§ ENTRIES SUPPLIED:
-- -- --

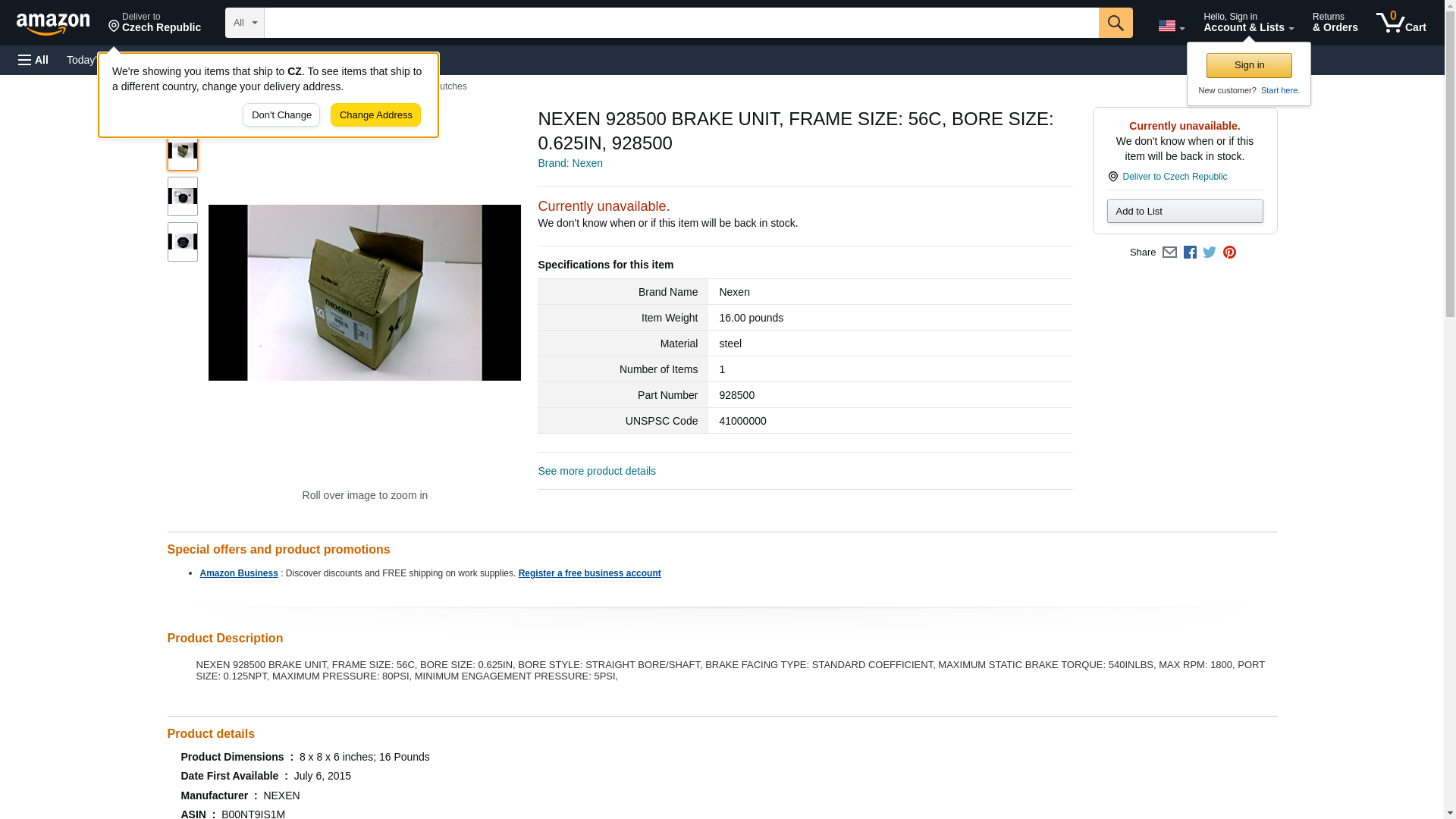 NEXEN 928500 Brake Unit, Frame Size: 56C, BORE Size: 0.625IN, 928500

-- -- --

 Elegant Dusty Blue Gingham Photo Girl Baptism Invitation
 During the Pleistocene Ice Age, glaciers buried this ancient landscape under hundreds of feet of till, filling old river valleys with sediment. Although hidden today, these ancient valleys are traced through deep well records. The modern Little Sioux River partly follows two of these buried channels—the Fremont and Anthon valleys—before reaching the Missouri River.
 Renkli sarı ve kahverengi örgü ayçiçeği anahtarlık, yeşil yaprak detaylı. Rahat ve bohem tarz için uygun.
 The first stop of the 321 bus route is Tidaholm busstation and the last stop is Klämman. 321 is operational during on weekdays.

-- -- --

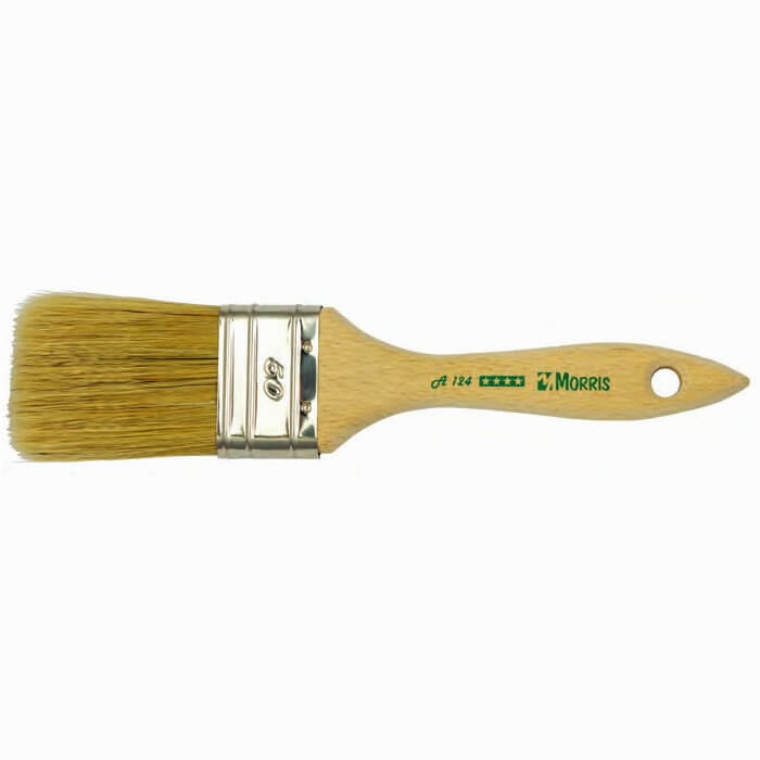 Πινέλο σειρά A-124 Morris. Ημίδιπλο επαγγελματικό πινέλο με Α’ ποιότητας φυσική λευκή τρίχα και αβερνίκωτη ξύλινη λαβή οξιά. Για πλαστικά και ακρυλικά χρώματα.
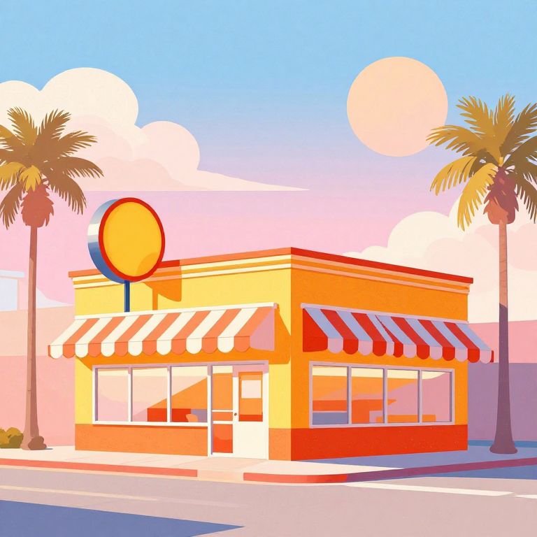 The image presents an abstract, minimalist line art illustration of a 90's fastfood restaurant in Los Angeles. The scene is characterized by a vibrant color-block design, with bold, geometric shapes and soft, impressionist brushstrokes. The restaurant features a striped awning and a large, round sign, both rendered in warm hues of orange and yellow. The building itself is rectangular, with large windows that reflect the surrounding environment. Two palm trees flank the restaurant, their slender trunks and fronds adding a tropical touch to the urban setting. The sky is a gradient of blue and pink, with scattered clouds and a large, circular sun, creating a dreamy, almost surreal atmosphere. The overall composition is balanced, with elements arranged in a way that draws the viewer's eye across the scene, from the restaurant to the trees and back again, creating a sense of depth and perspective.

-- -- --

§ INSTRUCTIONS FOR THE TASK:
Retype exactly the lines of the data above that fall between the line with "Elegant Dusty Blue" and the line with "The first stop", inclusive, and add nothing.

§ OUTPUT OF THE EXERCISE:
 Elegant Dusty Blue Gingham Photo Girl Baptism Invitation
 During the Pleistocene Ice Age, glaciers buried this ancient landscape under hundreds of feet of till, filling old river valleys with sediment. Although hidden today, these ancient valleys are traced through deep well records. The modern Little Sioux River partly follows two of these buried channels—the Fremont and Anthon valleys—before reaching the Missouri River.
 Renkli sarı ve kahverengi örgü ayçiçeği anahtarlık, yeşil yaprak detaylı. Rahat ve bohem tarz için uygun.
 The first stop of the 321 bus route is Tidaholm busstation and the last stop is Klämman. 321 is operational during on weekdays.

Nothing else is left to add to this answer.